== Work order ==
When you reach the line containing "𝐃𝐞𝐭𝐚𝐢𝐥 : เซ็ต", please repeat it and every line after it exactly, through the end of the listing below, skipping pictures.

== Data below ==
== Segment start ==
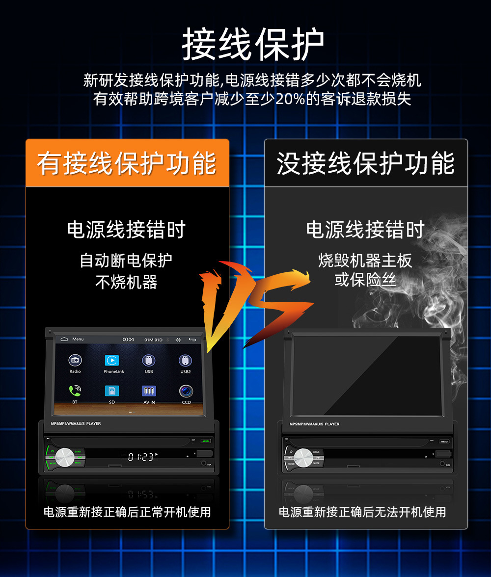 •接线保护功能直接帮跨境客户减少至少20%客诉退款损失(跨境客户零售到国外,客人自己安装接线,正负极分不清接错时候正常会直接烧坏机器主板或者保险丝,导致客诉退货或者差评,我司最新研发此产品电源线随便接N次都不会烧机器和保险丝,直到客户接对为止)
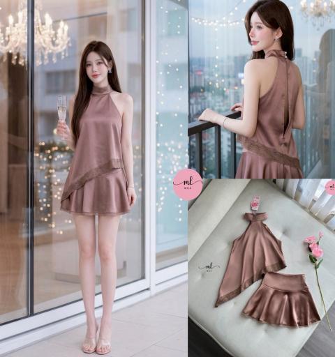 𝐃𝐞𝐭𝐚𝐢𝐥 : เซ็ต 2 ชิ้นโทนพาสเทลหวานละมุน ดีไซน์เสื้อคอคล้องคอกระดุมมุกคู่ด้านหลัง เนื้อผ้าซาตินเรียบลื่นเงาสวย แต่งเลเยอร์เฉียงด้านหน้าเพิ่มมิติ พร้อมขอบลูกไม้ละเอียดเพิ่มความน่ารัก ด้านหลังมีซิปใส่ง่าย แมทช์กับกระโปรงเอวสูงทรงบานสั้น ผ้าซาตินเนื้อเดียวกัน ชายกระโปรงแต่งลูกไม้รอบตัว ซิปข้างใส่สบาย ซับในดางเกงไม่โป๊ ให้ลุคหวานซ่อนเปรี้ยว ใส่แล้วดูคุณหนูน่ารักแต่ยังมีความเซ็กซี่เบาๆ ✨
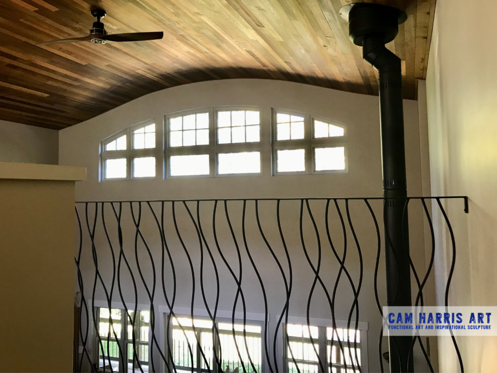 This Wrought Iron Railing Project in Qualicum Beach was for a client in Qualicum Beach British Columbia, Canada who needed a railing for their Qualicum Falls Hideaway. They chose my iron art design that I call my Entwined wrought iron railing. After installing the railing the client added their own wood handrail on the top.
== Segment end ==
== Task response ==
 𝐃𝐞𝐭𝐚𝐢𝐥 : เซ็ต 2 ชิ้นโทนพาสเทลหวานละมุน ดีไซน์เสื้อคอคล้องคอกระดุมมุกคู่ด้านหลัง เนื้อผ้าซาตินเรียบลื่นเงาสวย แต่งเลเยอร์เฉียงด้านหน้าเพิ่มมิติ พร้อมขอบลูกไม้ละเอียดเพิ่มความน่ารัก ด้านหลังมีซิปใส่ง่าย แมทช์กับกระโปรงเอวสูงทรงบานสั้น ผ้าซาตินเนื้อเดียวกัน ชายกระโปรงแต่งลูกไม้รอบตัว ซิปข้างใส่สบาย ซับในดางเกงไม่โป๊ ให้ลุคหวานซ่อนเปรี้ยว ใส่แล้วดูคุณหนูน่ารักแต่ยังมีความเซ็กซี่เบาๆ ✨
 This Wrought Iron Railing Project in Qualicum Beach was for a client in Qualicum Beach British Columbia, Canada who needed a railing for their Qualicum Falls Hideaway. They chose my iron art design that I call my Entwined wrought iron railing. After installing the railing the client added their own wood handrail on the top.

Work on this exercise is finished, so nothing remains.